# Geometry: The Law of Detachment

## The Law of Detachment

The first type of valid argument I will discus is commonly known as the law of detachment. To illustrate the law of detachment, consider the following example.

**Example 1**: Assume that the two premises below are true. What conclusions can be drawn?

- If it is raining, the baseball game will be cancelled.
- It is raining.

**Solution**: If you accept these statements to be true, then you can logically conclude that the baseball game will be cancelled. You can examine this type of argument easier if you switch over to P's and Q's. Let P be the statement “it is raining” and Q be the statement “the baseball game will be cancelled.” Then your first statement is P → Q and the second statement is P. The conclusion is that the baseball game will be cancelled, which is Q. So you are assuming two things: P → Q and P, and claiming that Q follows. The compound statement for assuming P → Q and P, and concluding Q can be written ((P → Q) ∧ P) → Q. Now that's a complicated compound statement! Let's build a truth table for ((P → Q) ∧ P) → Q and see what you get.

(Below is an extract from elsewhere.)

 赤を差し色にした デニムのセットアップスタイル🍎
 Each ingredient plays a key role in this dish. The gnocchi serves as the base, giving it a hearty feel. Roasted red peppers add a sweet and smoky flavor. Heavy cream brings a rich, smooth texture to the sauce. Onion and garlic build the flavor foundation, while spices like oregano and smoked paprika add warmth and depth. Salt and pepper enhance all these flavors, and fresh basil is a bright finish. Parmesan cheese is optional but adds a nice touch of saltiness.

Truth table for ((P → Q) ∧ P) → Q | ||||
---|---|---|---|---|

P | Q | P → Q | (P → Q) ∧ P | ((P → Q) ∧ P) → Q |

T | T | T | T | T |

T | F | F | T | T |

F | T | T | T | T |

F | F | T | T | T |

Notice that ((P → Q) ∧ P) → Q is a tautology, and hence is a valid argument. So you can logically conclude that the baseball game will be cancelled in this situation.

Let's look at another example.

**Example 2**: Assume that the two premises below are true. What conclusions can be drawn?

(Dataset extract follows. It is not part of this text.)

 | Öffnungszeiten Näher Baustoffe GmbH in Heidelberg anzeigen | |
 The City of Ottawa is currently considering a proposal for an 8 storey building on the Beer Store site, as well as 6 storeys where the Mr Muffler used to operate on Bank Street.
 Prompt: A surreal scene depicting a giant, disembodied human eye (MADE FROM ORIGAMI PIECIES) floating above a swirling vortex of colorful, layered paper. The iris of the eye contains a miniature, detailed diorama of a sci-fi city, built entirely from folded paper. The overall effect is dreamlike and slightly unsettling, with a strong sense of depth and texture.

- If it is raining, the baseball game will be cancelled.
- The baseball game is cancelled.

**Solution**: It is tempting to conclude that it is raining. But the game could have been cancelled for another reason; maybe one team didn't have enough players. You can examine this scenario using formal logic as well. As you did before, let P be the statement “it is raining” and Q be the statement “the baseball game will be cancelled.” Then the first statement is P → Q and the second statement is Q. The conclusion is that it is raining, which is just P. Again we are assuming two things: P → Q and Q, and claiming that P follows. The compound statement for assuming P → Q and Q, and concluding P can be written ((P → Q) ∧ Q) → P. Let's build the truth table for this compound statement and see what we get.

Truth table for ((P → Q) ∧ Q) → P | ||||
---|---|---|---|---|

P | Q | P → Q | (P → Q) ∧ Q | ((P → Q) ∧ Q) → P |

T | T | T | T | T |

T | F | F | F | T |

F | T | T | T | F |

F | F | T | F | T |

Because one of the truth values for ((P → Q) ∧ Q) → P is false, ((P → Q) ∧ Q) → P is not a tautology, and you cannot draw any conclusions about P (whether or not it is raining). It's nice to see that our formal logic confirms what our intuitive logic led us to believe.

Excerpted from The Complete Idiot's Guide to Geometry © 2004 by Denise Szecsei, Ph.D.. All rights reserved including the right of reproduction in whole or in part in any form. Used by arrangement with **Alpha Books**, a member of Penguin Group (USA) Inc.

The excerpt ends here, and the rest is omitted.